> [Information shown]
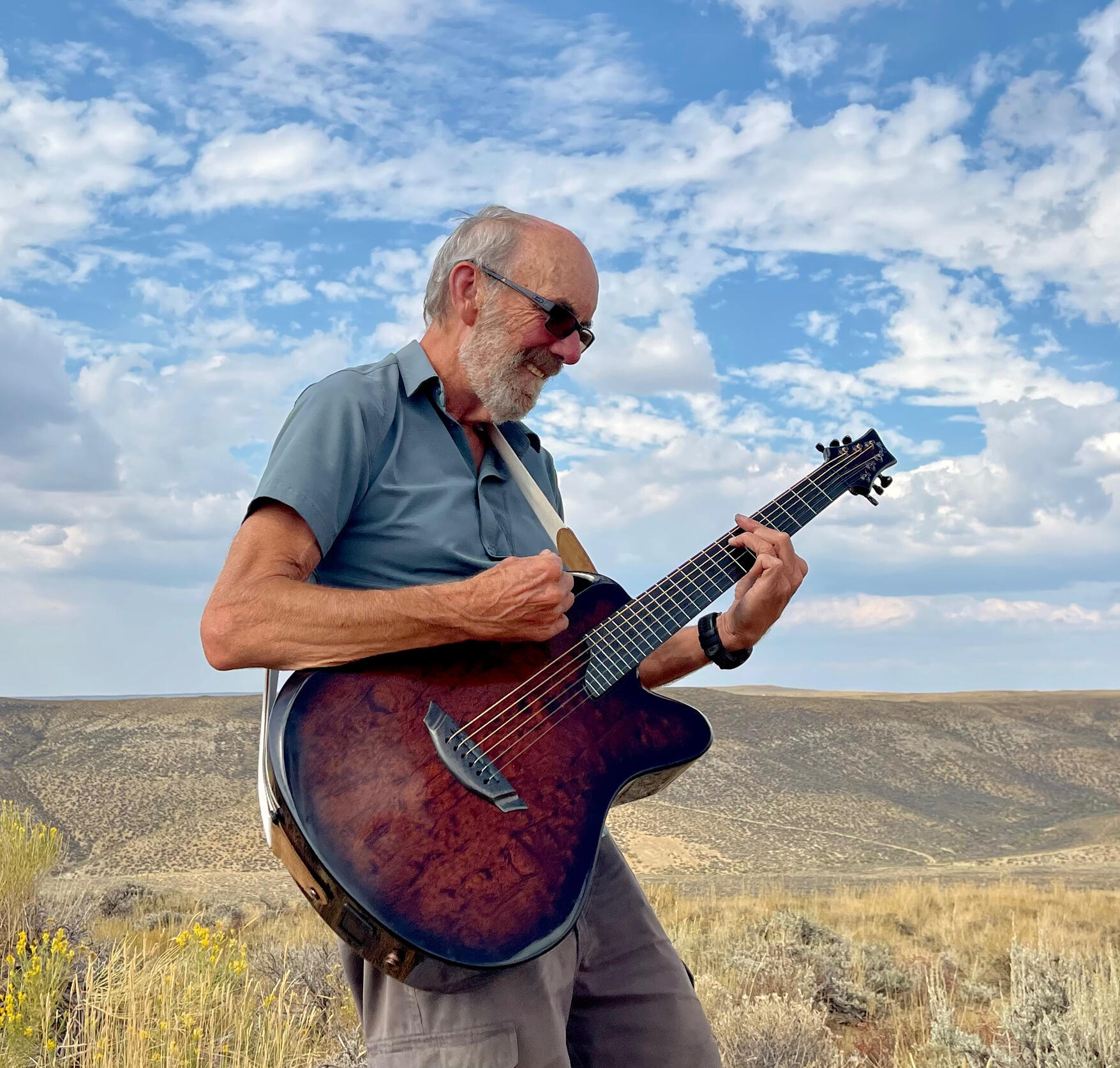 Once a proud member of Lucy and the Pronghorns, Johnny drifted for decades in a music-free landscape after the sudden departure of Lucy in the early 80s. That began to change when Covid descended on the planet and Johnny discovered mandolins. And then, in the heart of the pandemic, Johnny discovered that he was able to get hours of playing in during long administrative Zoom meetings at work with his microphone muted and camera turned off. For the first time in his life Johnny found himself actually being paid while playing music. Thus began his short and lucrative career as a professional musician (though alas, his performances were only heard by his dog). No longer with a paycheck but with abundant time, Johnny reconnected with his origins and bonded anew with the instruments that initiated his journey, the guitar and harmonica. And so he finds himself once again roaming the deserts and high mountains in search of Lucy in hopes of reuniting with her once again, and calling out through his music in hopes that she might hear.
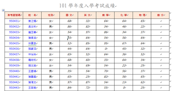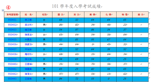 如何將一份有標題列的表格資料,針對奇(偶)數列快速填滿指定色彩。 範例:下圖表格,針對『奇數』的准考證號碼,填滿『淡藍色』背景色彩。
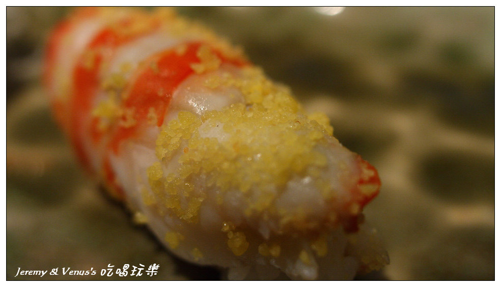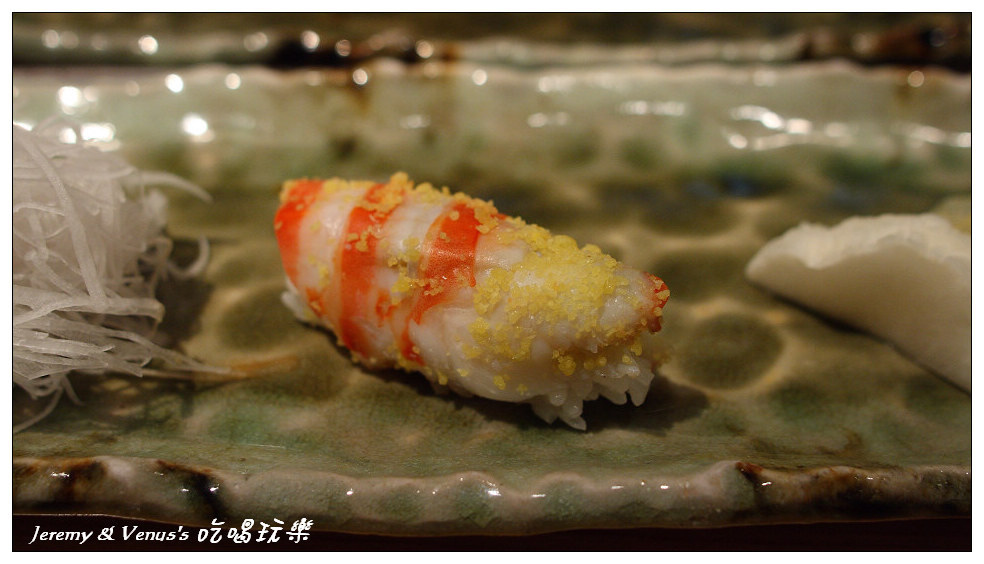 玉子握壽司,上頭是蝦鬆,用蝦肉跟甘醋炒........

> [Task statement]
Repeat the material above verbatim. Leave the pictures behind.

> [Written response]
 Once a proud member of Lucy and the Pronghorns, Johnny drifted for decades in a music-free landscape after the sudden departure of Lucy in the early 80s. That began to change when Covid descended on the planet and Johnny discovered mandolins. And then, in the heart of the pandemic, Johnny discovered that he was able to get hours of playing in during long administrative Zoom meetings at work with his microphone muted and camera turned off. For the first time in his life Johnny found himself actually being paid while playing music. Thus began his short and lucrative career as a professional musician (though alas, his performances were only heard by his dog). No longer with a paycheck but with abundant time, Johnny reconnected with his origins and bonded anew with the instruments that initiated his journey, the guitar and harmonica. And so he finds himself once again roaming the deserts and high mountains in search of Lucy in hopes of reuniting with her once again, and calling out through his music in hopes that she might hear.
 如何將一份有標題列的表格資料,針對奇(偶)數列快速填滿指定色彩。 範例:下圖表格,針對『奇數』的准考證號碼,填滿『淡藍色』背景色彩。
 玉子握壽司,上頭是蝦鬆,用蝦肉跟甘醋炒........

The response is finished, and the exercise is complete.